Start of INFORMATION PROVIDED

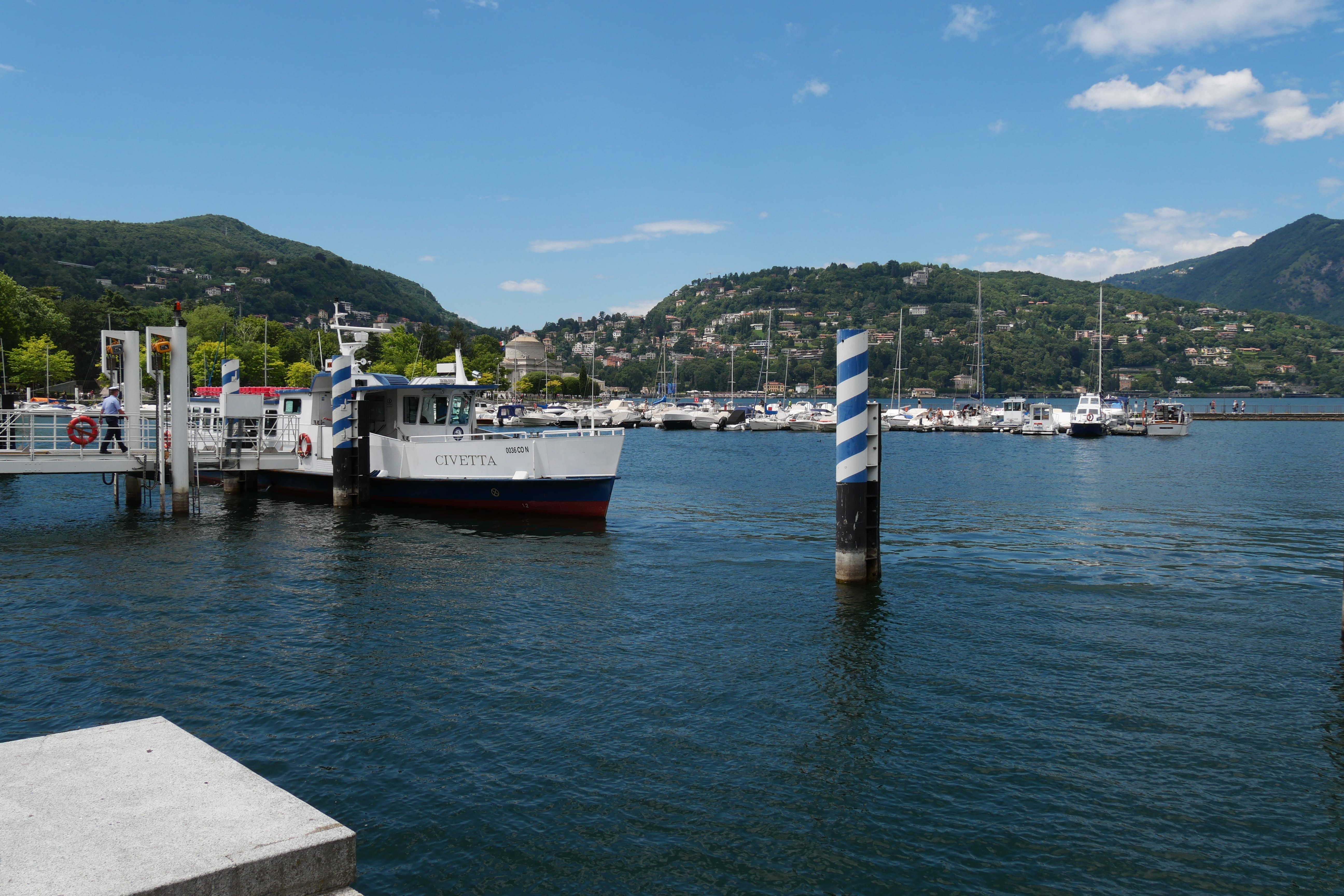Nous arrivons donc une heure plus tard sur une route plus plate mais parcourue de tunnels jusqu’à notre objectif: Lecco, sur les berges du lac de Côme. Nous avions réservé cette nuit après avoir planifié tout le voyage, dans l’optique de couper la route en deux, et ainsi commencer plus tranquillement ces vacances. Notre choix s’est ainsi sur un « petit » hôtel familial, l’Hotel Alberi, où nous avons reçu un très bon accueil et ne pouvons qu’être satisfaits de cette nuit passée. Très bien situé face au lac, il nous aura permis de profiter un maximum des quelques heures que nous avions pour découvrir la ville. Pour l’aspect pratique, il ne dispose pas d’un parking à proprement parler, mais nous avons réussi à trouver une place gratuite sur le côté de l’hôtel. Les possibilités de se garer gratuitement sont assez rares pour être mentionnées.
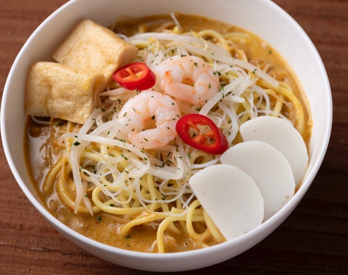 シンガポールスタイルのラクサは、ココナッツミルクの甘さと海老の出汁、独特の香辛料が効いたコクとうまみのあるスパイシーなスープヌードルです。ビーフンとちゃんぽん麺の2種類のヌードルを使用していますので、食感の違いも、お楽しみいただけます。
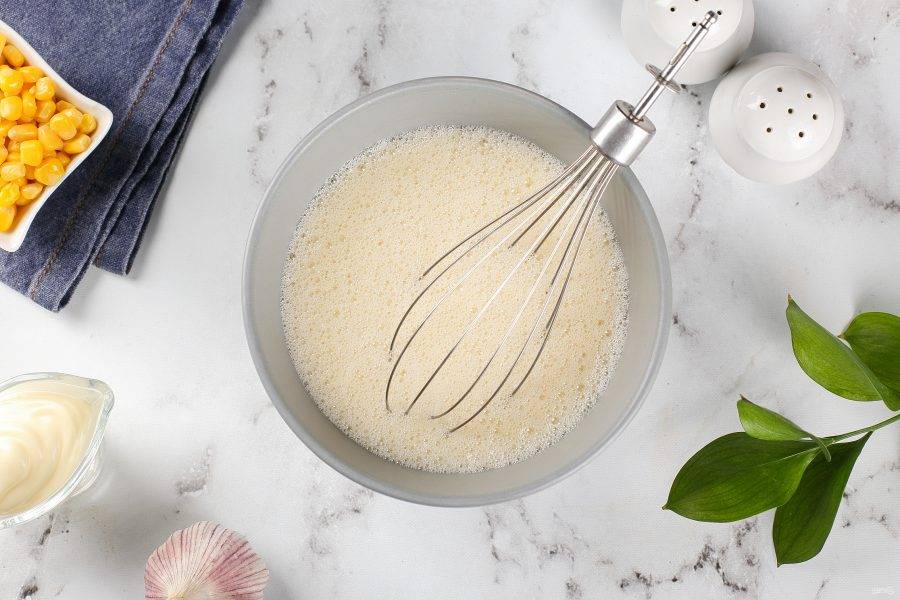 Соедините яйца, воду и крахмал. Посолите и поперчите по вкусу. Взбейте до однородного состояния.
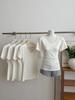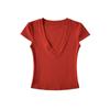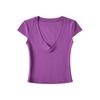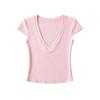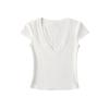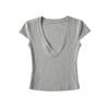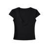 Camiseta Negra de Mujer con Cuello en V y Hombro de Manga Corta Verano Manga Media Ajustada Base Interior Top con Cintura Pellizcada Ajustado para Primavera
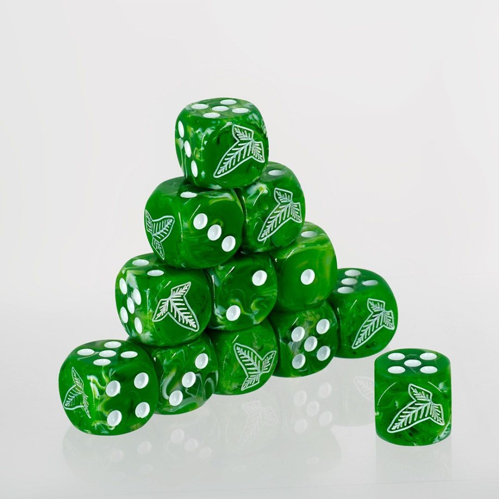 Set de 12 dados acrílicos verde y blanco con números en blanco y logo para jugar Lothlórien
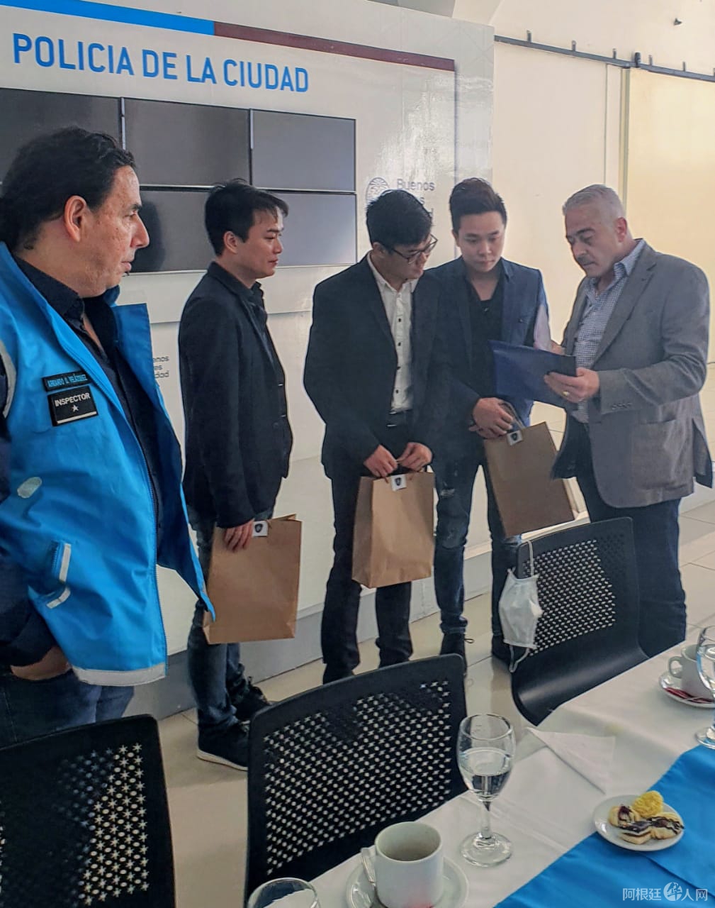 得知此情况后,阿根廷浙江联合总会谷建龙会长特别重视,马上要求总会骨干成员紧急筹集口罩、酒精等防疫物资,并于今早将这批应急物资及时运抵阿根廷布宜诺斯艾利斯市警察总局。总局局长Gabiel Oscar Berard 亲自进行了接待并召开座谈会。
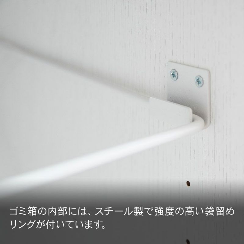 ●ゴミ箱の内部には、スチール製で強度の高い袋留めリングが付いています。
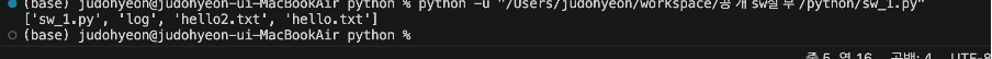 os모듈에서 제공하는 listdir 함수는 지정한 디렉터리의 모든 파일과 디렉터리를 리스트 형태로 return한다. 따라서 path를 인자로 받는다. 그래서 위 코드에서는 path값에 현재 디렉터리를 의미하는 '.'을 저장했다. 이후 리스트를 print한 값이다. 해당 디렉터리에는 위에서 실행한 예제들이 저장되어 있다.
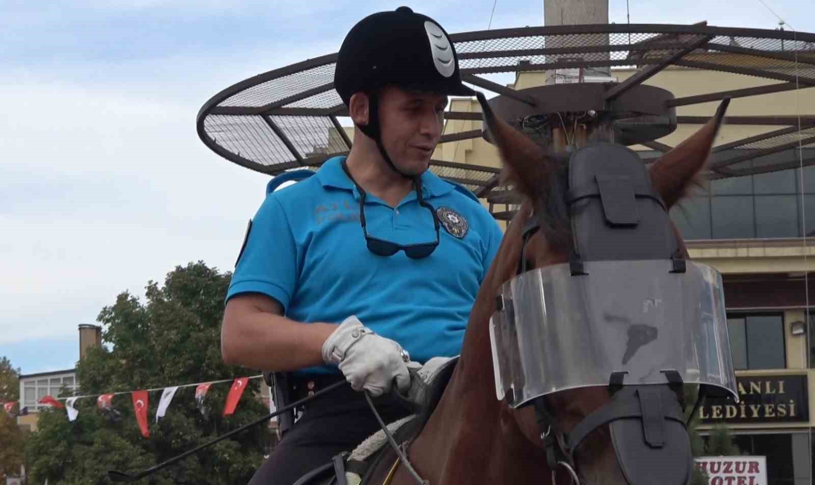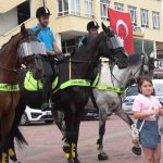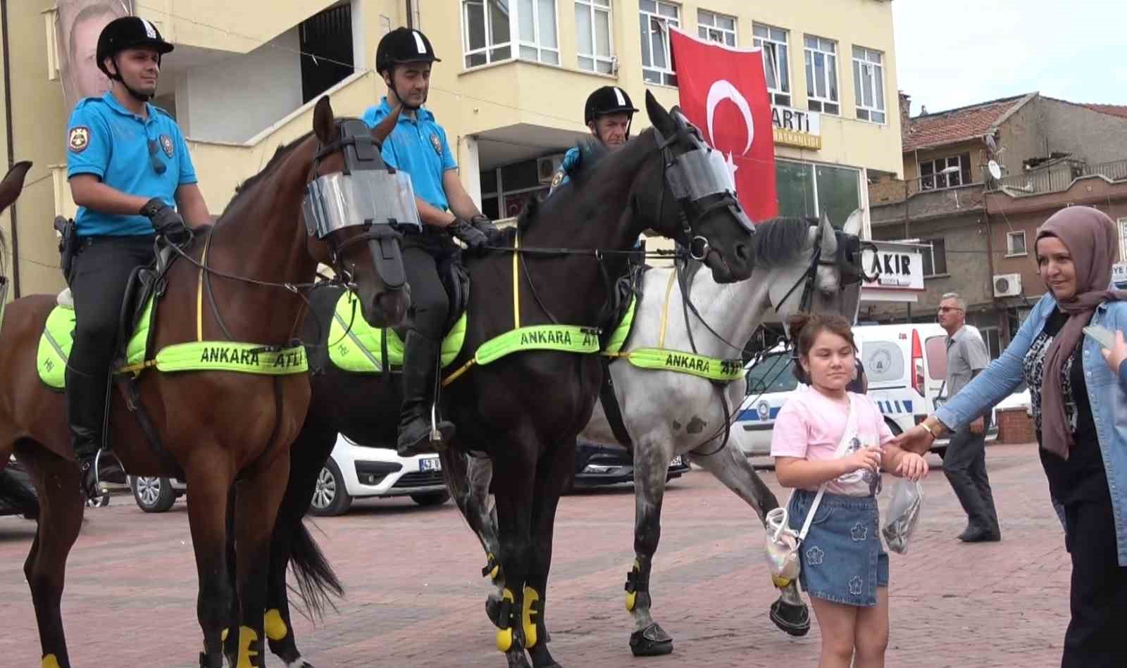 Kütahya’nın Tavşanlı ilçesinde atlarıyla devriye gezen Ankara Emniyet Müdürlüğü’nün Atlı Polis Grup Amirliği ekipleri, özellikle çocukların yoğun ilgisiyle karşılaştı.
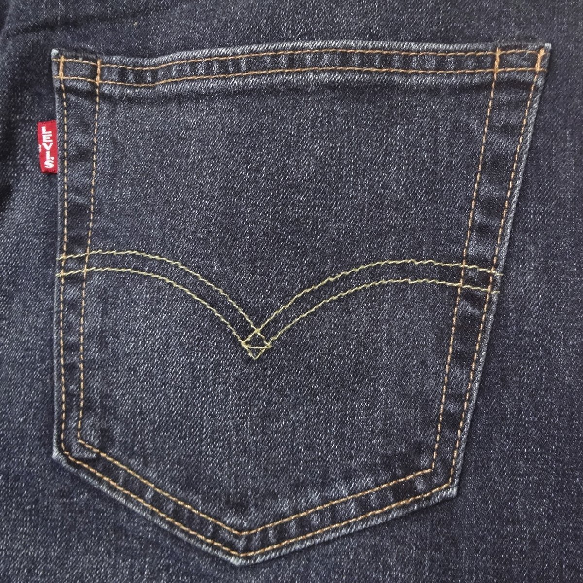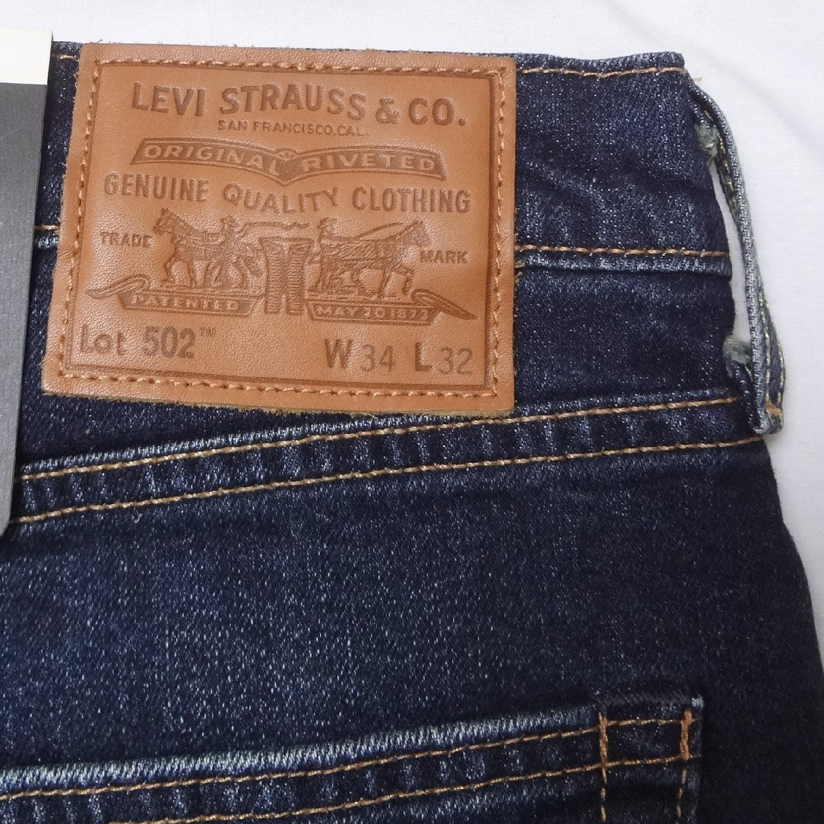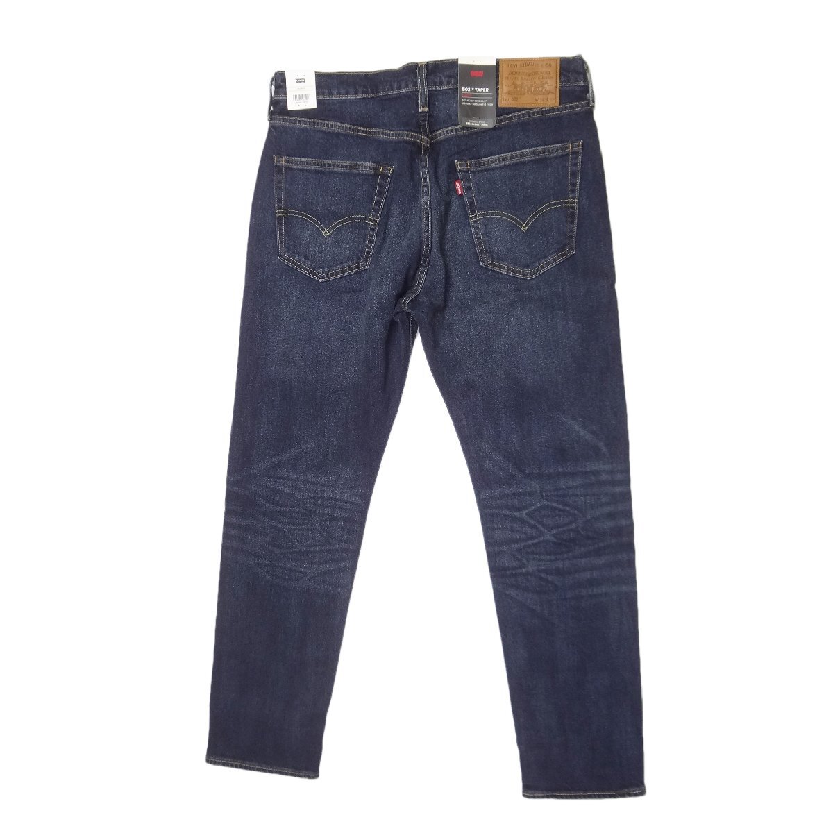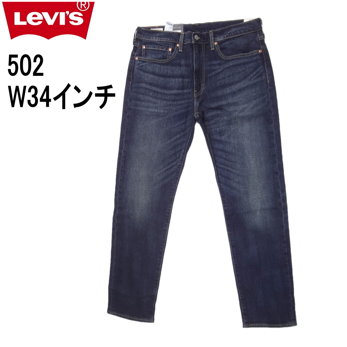 リーバイスの502ストレッチデニムジーンズ、素材/綿99%ポリウレタン1%、パッチ牛革、ダークインディゴブルー、ダメージジーンズユーズド加工
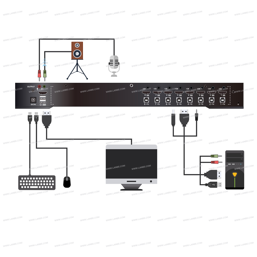 一組USB控制端可管理8臺(tái)HDMI接口電腦
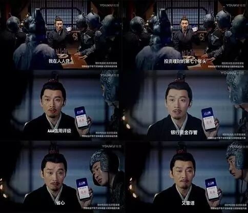 《军师联盟》的“创意中插”广告属于优酷“内容营销”系列中的一员,在每一集正片之中插播,由剧中的演员在剧中的场景展开一段脑洞风暴,也被称为“夹心式”广告。
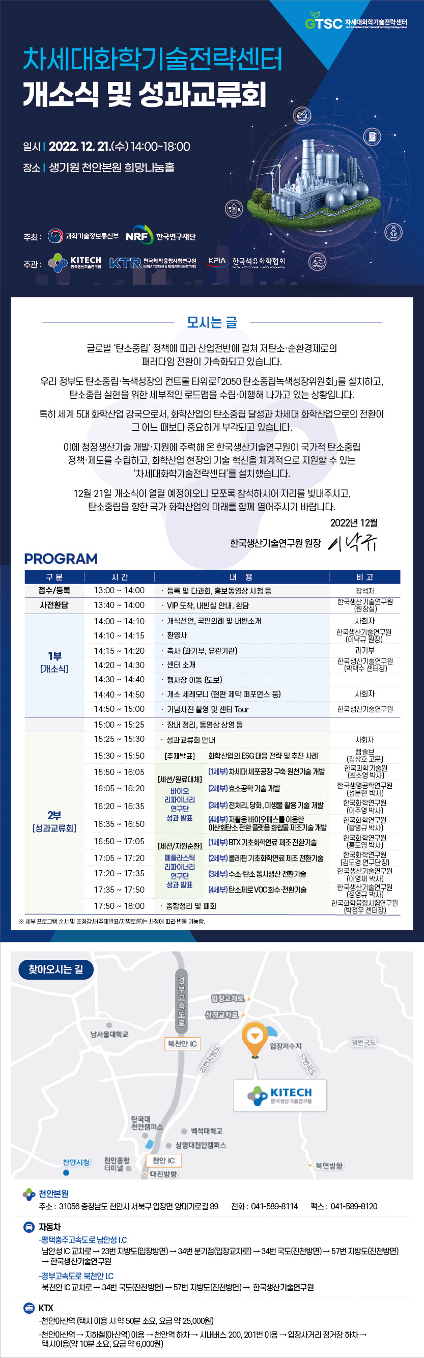 12월 21일 개소식이 열릴 예정이오니 모쪼록 참석하시어 자리를 빛내주시고, 탄소중립을 향한 국가 화학산업의 미래를 함께 열어주시기 바랍니다.
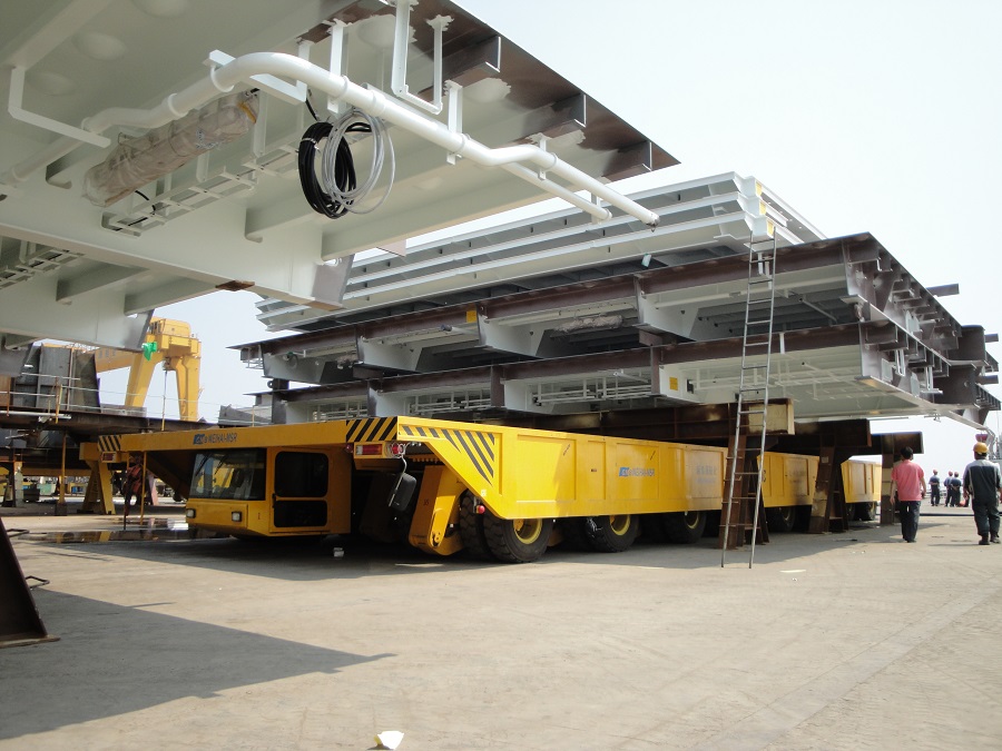 320T和500T液壓平板車拼車運輸造船部件(韓國)
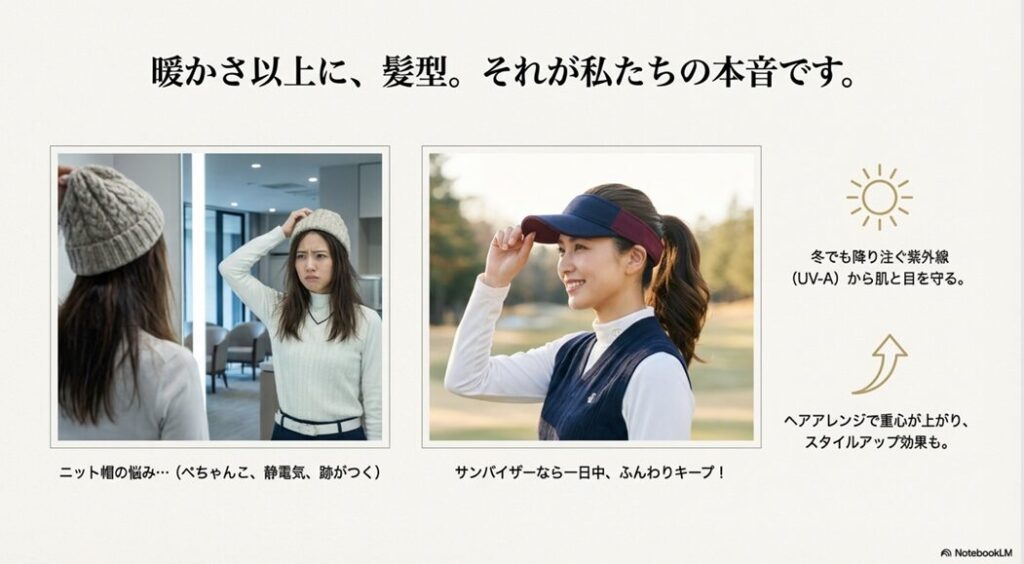 私たち女性ゴルファーが、寒さを押してでも冬にサンバイザーを選ぶ最大の理由。それはやはり「ヘアスタイルを維持できること」に尽きます。
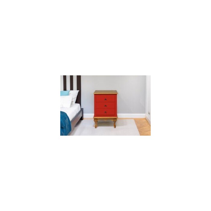Mesa de Cabeceira Luis Xv 3 Gavetas - Vermelho vermelho

End of INFORMATION PROVIDED

EXERCISE DIRECTIONS
In the listing above, find the line containing "シンガポールスタイルのラクサ" and the line containing "Соедините яйца, воду"; print those lines and every line between them exactly, leaving out pictures.

SOLUTION FOR THIS PROBLEM
 シンガポールスタイルのラクサは、ココナッツミルクの甘さと海老の出汁、独特の香辛料が効いたコクとうまみのあるスパイシーなスープヌードルです。ビーフンとちゃんぽん麺の2種類のヌードルを使用していますので、食感の違いも、お楽しみいただけます。
 Соедините яйца, воду и крахмал. Посолите и поперчите по вкусу. Взбейте до однородного состояния.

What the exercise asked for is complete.